В тревоге и не для того, чтобы сразу уснуть, забирались люди под одеяла – шкуры. А из тордохов Хулархи, Нявала и родных Эргэйуо густо валил дым: там и не собирались спать.
И только одна женщина во всем стойбище в этот вечер совсем не думала ни о каких духах. Это была племянница Амунтэгэ, неродная дочь Тачаны – Пайпэткэ. Она думала о себе и ни о ком больше.
Укрыв одеялом ноги, Пайпэткэ сидела, тупо глядя на затухавшие угольки очага. Она не плакала и не всхлипывала, но из ее маленьких, широко раскрытых глаз то и дело выкатывались слезы. Капли не оставляли на лице следов, но, падая на оленью шкуру, они повисали на щетинках и в свете очага горели красными огоньками – точь – в – точь, как бисеринки, которыми она вышивала кисет купцу По – тонче. Пайпэткэ то и дело пыталась ухватить их пальцами, но они исчезали…
Амунтэгэ долго не появлялся в тордохе, а когда зашел, Пайпэткэ тихо сказала – нет, не ему, а так просто – самой себе:
– …Ни подарков мне, ничего. Обноски умершей старухи, линялые шкуры… Другие сироты счастливей. И чем виновата я?..
– Не ты виновата, – ответил дядя. – Духи виноваты во всем. – И опять выбрался из тордоха.
А старая Тачана стала шумно сопеть и ворочаться на шкурах – подстилках. Ей не терпелось опять накинуться на ненавистную полоумную потаскушку, из – за которой в стойбище случилось столько несчастий. Но она боялась проговориться.
Если бы Пайпэткэ знала всю правду, знала бы то, что происходило утром в тордохе Нявала! Разве сидела б она вот так, без движения, разве бы плакала тихо и долго? У самых забитых сирот есть тоже предел терпенью – а вечер был нехороший, красный, тревожный, и, наверно, случилось бы то, что люди стойбища ждали: сирота Пайпэткэ была способна на все.
Но Пайпэткэ ничего не знала. И не случилось третьей беды ни длинным предветренным вечером, ни короткой ветреной ночью.
ГЛАВА 2
Напрасно люди стойбища у Малого Улуро старались не выдать тайну. Неправда плавает поверху, как жир на воде. Весть о случившемся быстро облетела и колымскую, и алазейскую тундру. Да как скроешь правду: приезжий увидит могилки, расспросит, вздохнет – но дети – то живы, и покинет он стойбище с хитрой усмешкой.

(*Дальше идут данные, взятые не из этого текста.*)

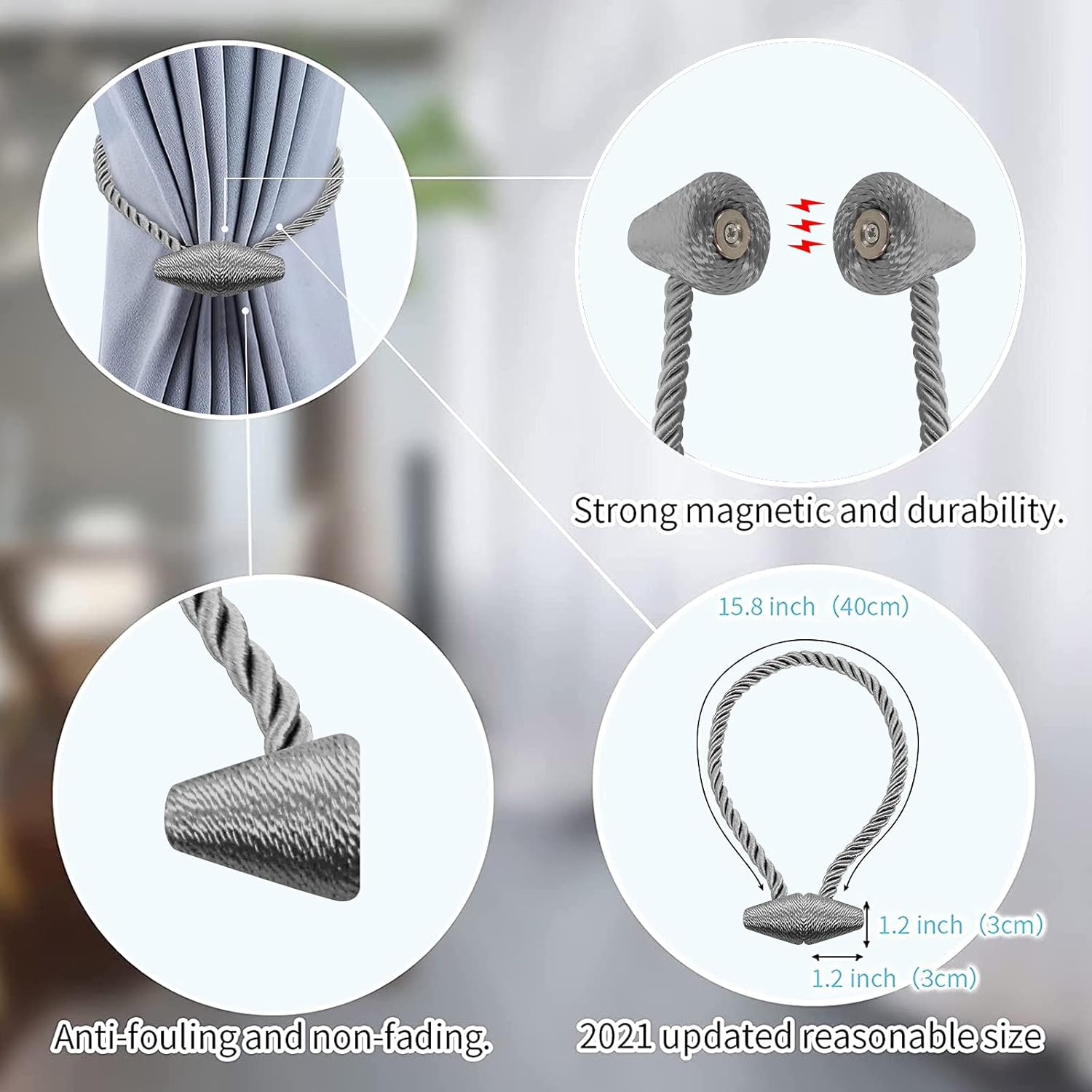 - [Upgrade Powerful Magnetic] Our magnetic curtain tiebacks magnets use high-end new imported nickel-plated magnets, with strong corrosion resistance and durability, more magnetic than ordinary magnetic curtain tiebacks, and do not rust and not lose color. The rope of curtain tie adopts upgrade thickened solid polyester yarn, which is not only durable, but also not easy to wear or pilling.

К осени слух дошел и до яранги[16] Мельгайвача. И чукотский шаман без промедления передал с попутчиком слова жестокой обиды на шамана Сайрэ. Убить двух собак, схоронить их на видном месте, да еще обозначить жердями – это Мельгайвач принял как вызов.
Людям же стойбища послание показалось угрозой. А Сайрэ вскипел, как горячий жир от капли воды.
– Вертлявый чукча, вертлявый обманщик! – сказал он, проводив заезжего человека.
У Сайрэ как раз пил чай Пурама.
– За старое принимается, видно, – заметил он. – Надо глядеть.
– Всех людей тундры этот хищник может испортить. Нужно ехать к Каке. Пусть Кака одернет его. У тебя, Пурама, остался единственный брат. И если поехал бы ты, то Мельгайвач уж ни тебя не тронул, ни Умукана: слишком прямые следы бы оставил.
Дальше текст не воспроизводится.